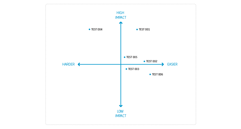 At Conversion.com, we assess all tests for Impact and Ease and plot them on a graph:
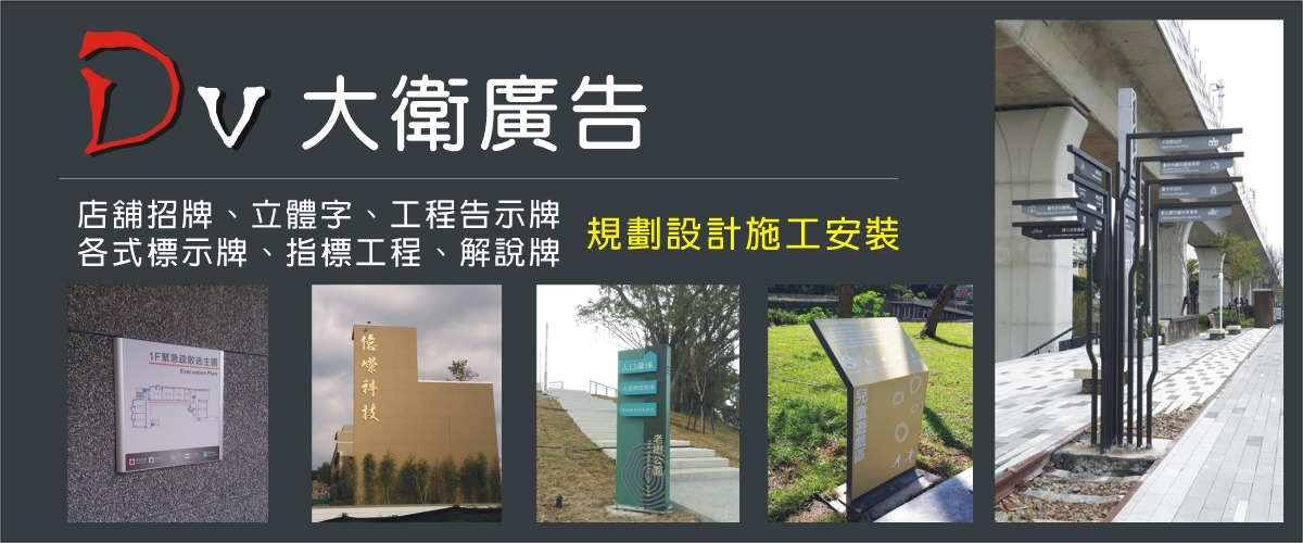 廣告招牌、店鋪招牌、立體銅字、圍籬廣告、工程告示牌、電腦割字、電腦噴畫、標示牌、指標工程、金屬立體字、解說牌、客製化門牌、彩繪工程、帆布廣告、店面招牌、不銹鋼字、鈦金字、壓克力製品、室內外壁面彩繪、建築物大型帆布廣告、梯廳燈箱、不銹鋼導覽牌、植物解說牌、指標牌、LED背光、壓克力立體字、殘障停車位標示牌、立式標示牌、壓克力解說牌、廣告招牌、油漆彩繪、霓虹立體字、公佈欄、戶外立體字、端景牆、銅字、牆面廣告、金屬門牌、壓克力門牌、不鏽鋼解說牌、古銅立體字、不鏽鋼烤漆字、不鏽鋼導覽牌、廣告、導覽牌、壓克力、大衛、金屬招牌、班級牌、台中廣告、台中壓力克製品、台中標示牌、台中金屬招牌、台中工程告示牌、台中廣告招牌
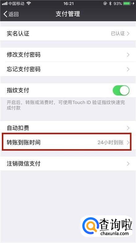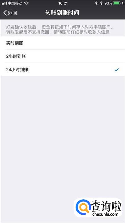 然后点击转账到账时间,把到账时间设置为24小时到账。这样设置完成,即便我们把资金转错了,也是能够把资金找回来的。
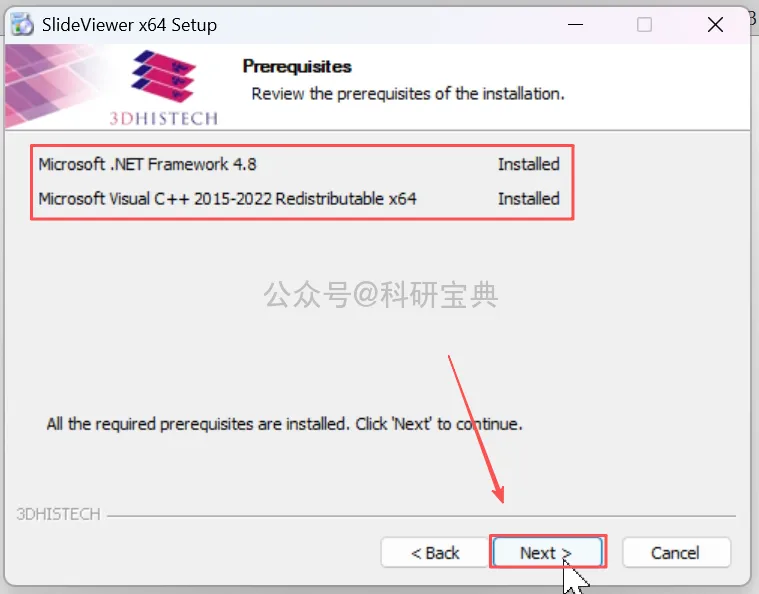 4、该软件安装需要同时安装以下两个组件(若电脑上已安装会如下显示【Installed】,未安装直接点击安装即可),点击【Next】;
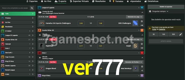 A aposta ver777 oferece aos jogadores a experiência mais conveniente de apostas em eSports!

THE PROBLEM
Images are to be left out; everything else in the material must be written out exactly.

RESPONSE BELOW
 At Conversion.com, we assess all tests for Impact and Ease and plot them on a graph:
 廣告招牌、店鋪招牌、立體銅字、圍籬廣告、工程告示牌、電腦割字、電腦噴畫、標示牌、指標工程、金屬立體字、解說牌、客製化門牌、彩繪工程、帆布廣告、店面招牌、不銹鋼字、鈦金字、壓克力製品、室內外壁面彩繪、建築物大型帆布廣告、梯廳燈箱、不銹鋼導覽牌、植物解說牌、指標牌、LED背光、壓克力立體字、殘障停車位標示牌、立式標示牌、壓克力解說牌、廣告招牌、油漆彩繪、霓虹立體字、公佈欄、戶外立體字、端景牆、銅字、牆面廣告、金屬門牌、壓克力門牌、不鏽鋼解說牌、古銅立體字、不鏽鋼烤漆字、不鏽鋼導覽牌、廣告、導覽牌、壓克力、大衛、金屬招牌、班級牌、台中廣告、台中壓力克製品、台中標示牌、台中金屬招牌、台中工程告示牌、台中廣告招牌
 然后点击转账到账时间,把到账时间设置为24小时到账。这样设置完成,即便我们把资金转错了,也是能够把资金找回来的。
 4、该软件安装需要同时安装以下两个组件(若电脑上已安装会如下显示【Installed】,未安装直接点击安装即可),点击【Next】;
 A aposta ver777 oferece aos jogadores a experiência mais conveniente de apostas em eSports!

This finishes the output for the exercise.